EXERCISE:
What you write must match exactly the lines from the one with "TOP > Pink Lei" through the last line of the material below.

GIVEN RECORDS:

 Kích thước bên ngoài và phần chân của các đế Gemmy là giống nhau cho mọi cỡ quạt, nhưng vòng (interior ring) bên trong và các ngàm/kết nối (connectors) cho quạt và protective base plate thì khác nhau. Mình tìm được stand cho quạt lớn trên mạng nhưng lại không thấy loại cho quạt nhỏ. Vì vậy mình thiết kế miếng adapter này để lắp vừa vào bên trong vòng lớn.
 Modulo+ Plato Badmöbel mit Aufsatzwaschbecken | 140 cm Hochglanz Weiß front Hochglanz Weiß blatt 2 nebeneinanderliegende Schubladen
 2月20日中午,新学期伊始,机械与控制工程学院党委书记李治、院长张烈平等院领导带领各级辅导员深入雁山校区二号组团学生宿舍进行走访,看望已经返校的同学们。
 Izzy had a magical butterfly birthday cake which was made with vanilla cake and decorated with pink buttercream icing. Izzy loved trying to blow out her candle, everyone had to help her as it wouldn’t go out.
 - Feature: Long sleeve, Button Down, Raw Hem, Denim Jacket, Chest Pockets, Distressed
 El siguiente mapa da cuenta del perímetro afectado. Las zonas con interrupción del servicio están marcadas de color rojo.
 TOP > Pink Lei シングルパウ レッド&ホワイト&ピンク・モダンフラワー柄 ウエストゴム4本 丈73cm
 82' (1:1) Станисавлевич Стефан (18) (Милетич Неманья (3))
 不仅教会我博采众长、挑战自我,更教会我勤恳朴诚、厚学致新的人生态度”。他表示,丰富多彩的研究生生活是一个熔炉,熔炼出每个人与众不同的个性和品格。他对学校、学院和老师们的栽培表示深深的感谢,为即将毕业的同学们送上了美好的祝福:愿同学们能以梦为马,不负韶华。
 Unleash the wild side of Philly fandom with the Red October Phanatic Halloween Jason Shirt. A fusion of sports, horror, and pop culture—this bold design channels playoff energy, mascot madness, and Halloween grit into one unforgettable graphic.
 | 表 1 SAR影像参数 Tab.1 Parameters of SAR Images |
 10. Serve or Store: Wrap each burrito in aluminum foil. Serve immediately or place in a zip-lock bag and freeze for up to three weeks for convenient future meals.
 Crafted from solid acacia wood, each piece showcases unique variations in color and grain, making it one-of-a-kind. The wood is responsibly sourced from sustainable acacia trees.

TASK RESULT:
 TOP > Pink Lei シングルパウ レッド&ホワイト&ピンク・モダンフラワー柄 ウエストゴム4本 丈73cm
 82' (1:1) Станисавлевич Стефан (18) (Милетич Неманья (3))
 不仅教会我博采众长、挑战自我,更教会我勤恳朴诚、厚学致新的人生态度”。他表示,丰富多彩的研究生生活是一个熔炉,熔炼出每个人与众不同的个性和品格。他对学校、学院和老师们的栽培表示深深的感谢,为即将毕业的同学们送上了美好的祝福:愿同学们能以梦为马,不负韶华。
 Unleash the wild side of Philly fandom with the Red October Phanatic Halloween Jason Shirt. A fusion of sports, horror, and pop culture—this bold design channels playoff energy, mascot madness, and Halloween grit into one unforgettable graphic.
 | 表 1 SAR影像参数 Tab.1 Parameters of SAR Images |
 10. Serve or Store: Wrap each burrito in aluminum foil. Serve immediately or place in a zip-lock bag and freeze for up to three weeks for convenient future meals.
 Crafted from solid acacia wood, each piece showcases unique variations in color and grain, making it one-of-a-kind. The wood is responsibly sourced from sustainable acacia trees.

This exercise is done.